The collegiate church of Santa Maria is located within the walled area of Cascia, near Porta Leonina. It was founded in the 12th century, with remains of the original Romanesque structure preserved in the north wall. It was later rebuilt in Gothic style and again in 1532.

The façade, ending in a tympanum, includes two portals dated 1535 and 1621, a niche with a 16th-century fresco depicting Saint Sebastian and the Madonna della Quercia, and a stone lion from an earlier structure. The interior has three naves with ribbed vaults and a 16th-century layout, with wooden and polychrome stucco altars dating from the 16th and 18th centuries.

Works in the church include a Deposition by Nicola da Siena and a 15th-century Nativity. In the right nave are paintings including the Pace dei Casciani by Gaspare and Camillo Angelucci, and depictions of Saint Anne, Saint Leonard, Saint Nicholas, and the Madonna del Soccorso, as well as frescoes of the Stories of Saint Charles and a Madonna with Child. In the left nave are the Mysteries of the Rosary by Niccolò Frangipane (1538). The baptismal font is associated by tradition with the baptism of Saint Rita in 1381.

Marble monuments with mosaic portraits of Cardinal Fausto Poli and Paolo Frenfanelli date to 1642. The organ features carved decoration from the 16th century.

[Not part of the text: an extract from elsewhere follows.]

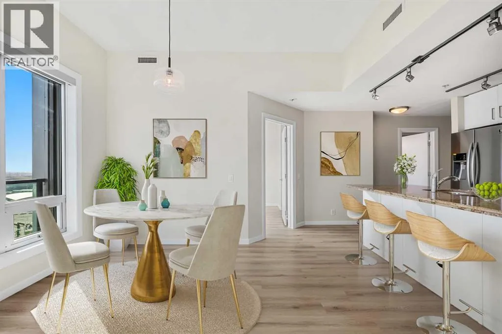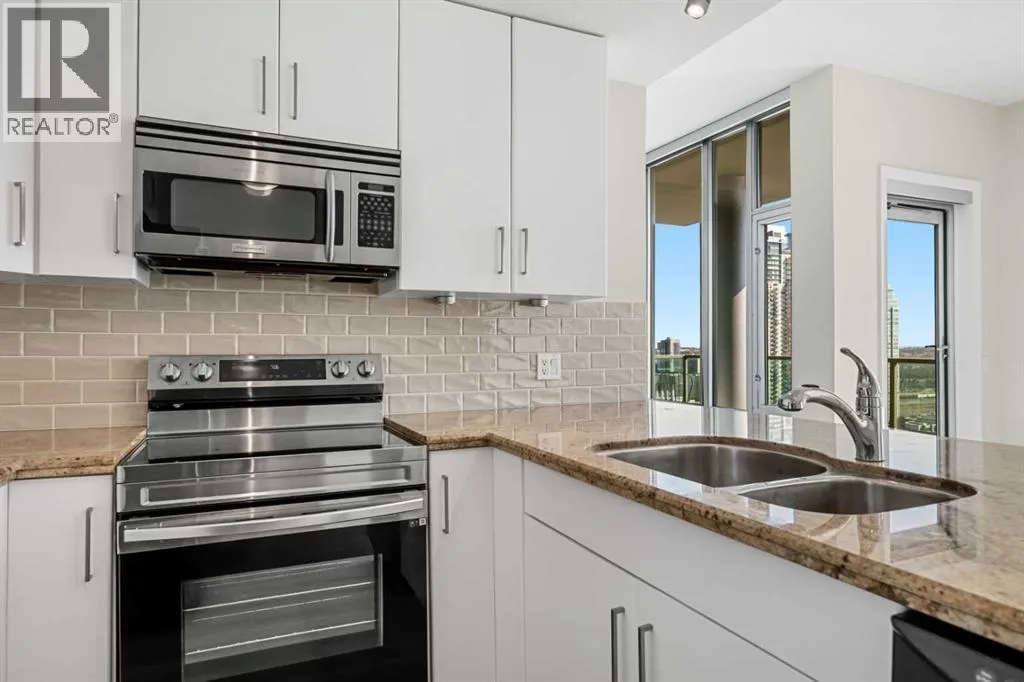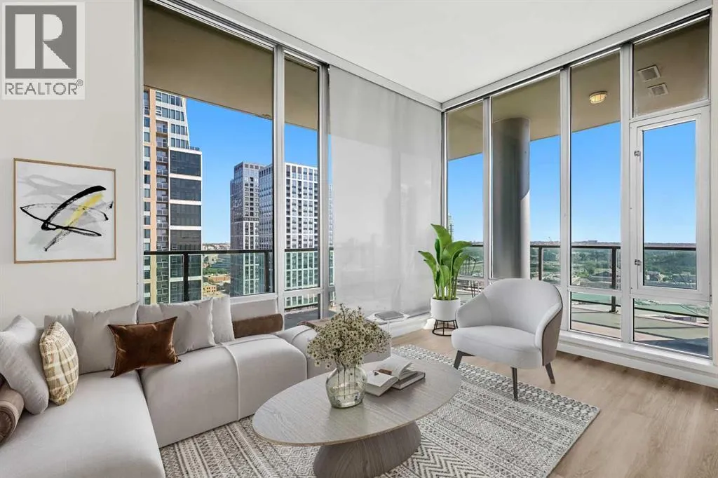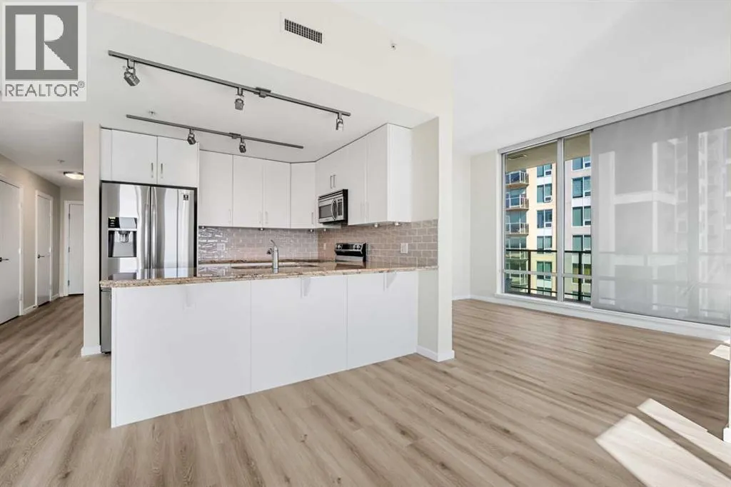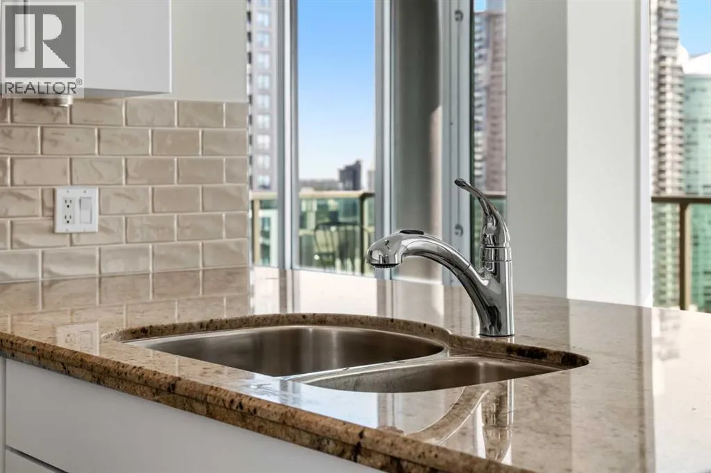 Your Sky-High Retreat in the Heart of Calgary's Entertainment District! Imagine waking up to breathtaking city views from the 21st floor and unwinding as the downtown lights twinkle below. Welcome to SASSOâan exceptional opportunity to experience the vibrant energy of Victoria Park. This concrete building, situated in the heart of the Beltline, is conveniently close to numerous amenities and just a short walk from downtown.This unit features a fantastic floor plan with floor-to-ceiling windows that fill the space with natural light, making it one of the most desirable locations in the building. This stylish two-bedroom condo, located in an 18+ adult complex, offers the ultimate urban lifestyle. Step inside this renovated unit and enjoy the spaciousness created by nine-foot ceilings, luxury vinyl plank flooring throughout, and an open-concept layout.The modern kitchen, equipped with granite countertops and sleek white cabinets, is perfect for preparing dinner before heading out for the night. Enjoy warm evenings on your private covered balcony, complete with a gas BBQ. For cozy nights in, relax on your couch, perfectly positioned to take in the stunning view. The main floor features beautiful new luxury vinyl plank flooring for easy maintenance.The open layout provides ample space for entertaining, with the kitchen boasting granite countertops, stainless steel appliances, an eating bar, a double sink, and plenty of cabinet space. Both bedrooms are spacious and include walkthrough closets and their own full bathrooms, ensuring privacy as they are separated across the condo.World-class amenities await you, including a concierge, fitness center, theater, hot tub, and more. With the city at your doorstep, you are just steps away from the LRT, Stampede Grounds, Sunterra Market, and a variety of dining and shopping options on 17th Avenue. This isn't just a condo; it's your gateway to a sophisticated and convenient urban lifestyle. Be sure to view the full 3D virtua l tour! (id:27476)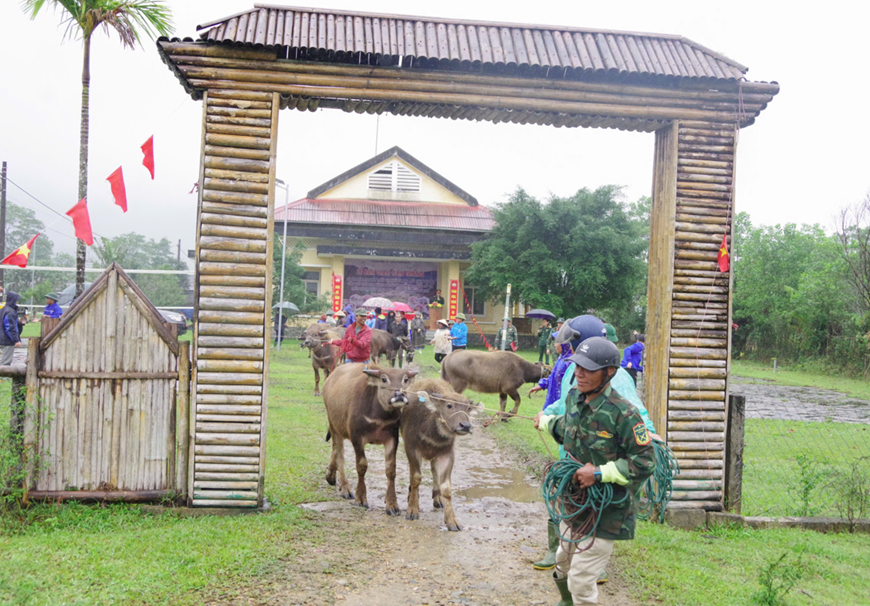 Quá trình bàn giao con giống tại trung tâm xã A Lưới 4 được Đoàn KT-QP 92 phối hợp chặt chẽ với chính quyền địa phương tổ chức công khai, minh bạch. Các hộ dân được hướng dẫn kiểm tra tình trạng sức khỏe của trâu ngay tại chỗ, ký cam kết chăm sóc, nuôi dưỡng đúng kỹ thuật nhằm phát huy hiệu quả lâu dài.

=== Church and convent of Sant'Antonio Abate ===

The town also is home to the frescoed 14th-century church of Sant’Antonio Abate.

In the apse are frescoes depicting the Evangelists and the Virgin enthroned with the Child, attributed to Domenico di Giacomo da Leonessa. In the adjoining convent, frescoes at the foot of the staircase represent Saint Michael the Archangel, while in the choir further paintings illustrate episodes from the life of Christ, including the Crucifixion, the Crowning with Thorns, and Calvary. These works are attributed to Nicola da Siena.

=== Sanctuary of Santa Maria della Neve ===
Located at Castel Santa Maria, this church, dating to 1571, is described as an important architectural work executed to a design attributed to Bramante.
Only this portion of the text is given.